__PROMPT__. Beginning at the line containing "Inheritance diagram for", repeat each line below exactly up to and including the line containing "Pre-Owned Brunello Cucinelli". Do not repeat the pictures.

__RECORDS PROVIDED__.
——
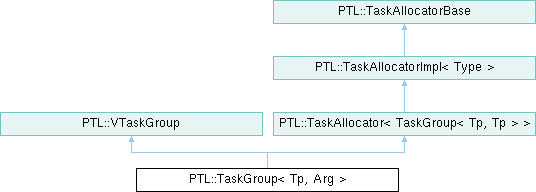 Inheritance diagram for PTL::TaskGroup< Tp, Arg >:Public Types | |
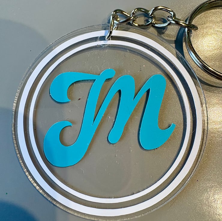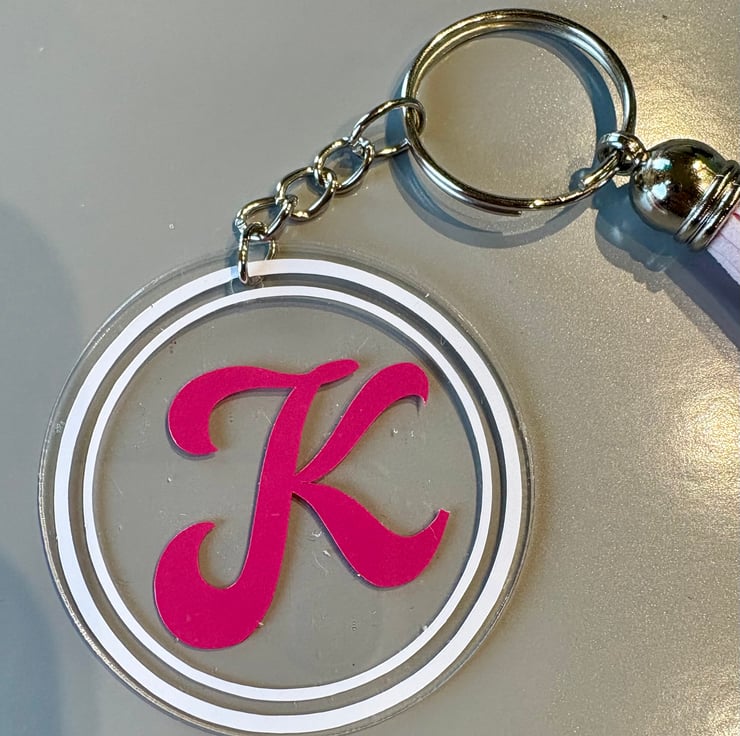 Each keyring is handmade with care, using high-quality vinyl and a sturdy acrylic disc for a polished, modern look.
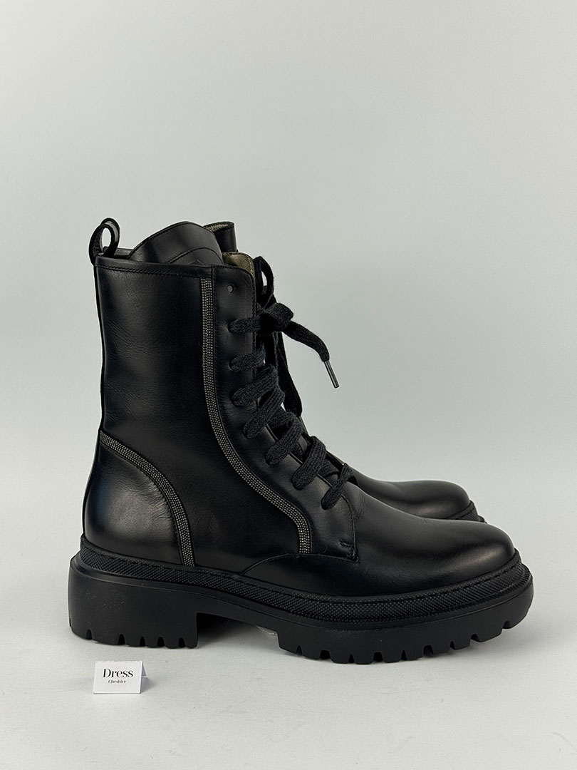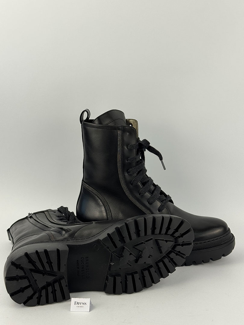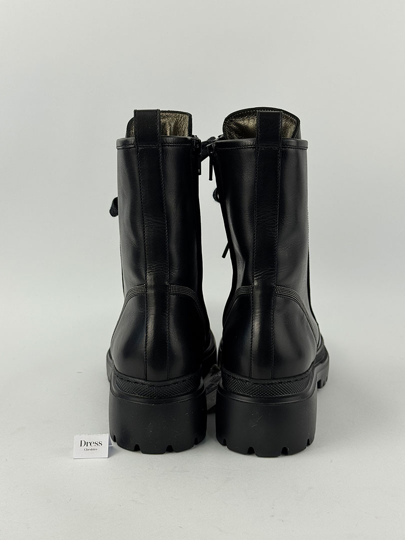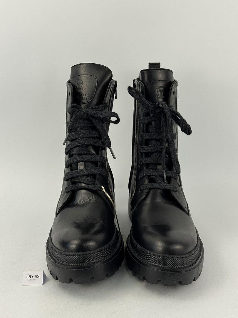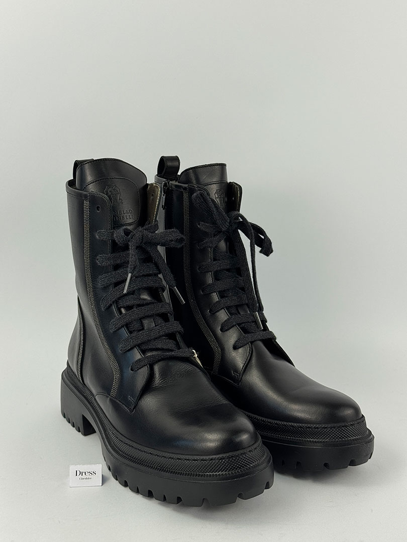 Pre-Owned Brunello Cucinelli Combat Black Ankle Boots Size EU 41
——
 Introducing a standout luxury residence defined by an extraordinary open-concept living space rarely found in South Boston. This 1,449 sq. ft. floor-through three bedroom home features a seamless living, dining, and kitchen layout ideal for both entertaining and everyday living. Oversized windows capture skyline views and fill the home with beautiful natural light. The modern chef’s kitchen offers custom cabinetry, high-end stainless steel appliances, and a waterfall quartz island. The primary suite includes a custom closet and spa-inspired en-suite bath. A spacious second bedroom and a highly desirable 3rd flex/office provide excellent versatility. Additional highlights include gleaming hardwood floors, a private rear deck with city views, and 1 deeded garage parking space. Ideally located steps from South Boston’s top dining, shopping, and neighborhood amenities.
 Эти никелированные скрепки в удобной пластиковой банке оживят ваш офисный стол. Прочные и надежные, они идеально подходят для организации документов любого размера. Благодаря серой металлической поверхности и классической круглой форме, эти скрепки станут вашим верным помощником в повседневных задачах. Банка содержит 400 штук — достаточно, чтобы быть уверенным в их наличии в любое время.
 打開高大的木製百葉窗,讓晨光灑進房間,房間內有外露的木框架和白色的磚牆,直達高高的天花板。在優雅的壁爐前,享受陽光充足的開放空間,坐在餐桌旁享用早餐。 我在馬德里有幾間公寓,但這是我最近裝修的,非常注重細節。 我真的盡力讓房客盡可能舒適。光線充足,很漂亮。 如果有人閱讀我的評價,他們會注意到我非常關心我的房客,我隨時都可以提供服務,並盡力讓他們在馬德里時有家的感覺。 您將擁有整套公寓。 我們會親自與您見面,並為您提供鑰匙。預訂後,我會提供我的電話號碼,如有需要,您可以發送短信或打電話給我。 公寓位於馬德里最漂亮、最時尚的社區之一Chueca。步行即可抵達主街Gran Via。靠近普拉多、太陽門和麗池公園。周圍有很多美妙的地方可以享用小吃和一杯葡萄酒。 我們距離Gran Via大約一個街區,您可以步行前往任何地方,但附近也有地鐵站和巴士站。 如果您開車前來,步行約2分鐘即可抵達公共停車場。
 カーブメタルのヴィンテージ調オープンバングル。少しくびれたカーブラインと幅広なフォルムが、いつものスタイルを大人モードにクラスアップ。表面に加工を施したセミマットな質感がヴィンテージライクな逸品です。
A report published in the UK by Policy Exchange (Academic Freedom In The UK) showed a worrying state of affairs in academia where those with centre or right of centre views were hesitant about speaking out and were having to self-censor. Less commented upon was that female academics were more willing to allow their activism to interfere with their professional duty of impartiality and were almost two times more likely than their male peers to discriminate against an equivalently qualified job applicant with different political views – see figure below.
——
__ANSWER TO THE PROBLEM__.
 Inheritance diagram for PTL::TaskGroup< Tp, Arg >:Public Types | |
 Each keyring is handmade with care, using high-quality vinyl and a sturdy acrylic disc for a polished, modern look.
 Pre-Owned Brunello Cucinelli Combat Black Ankle Boots Size EU 41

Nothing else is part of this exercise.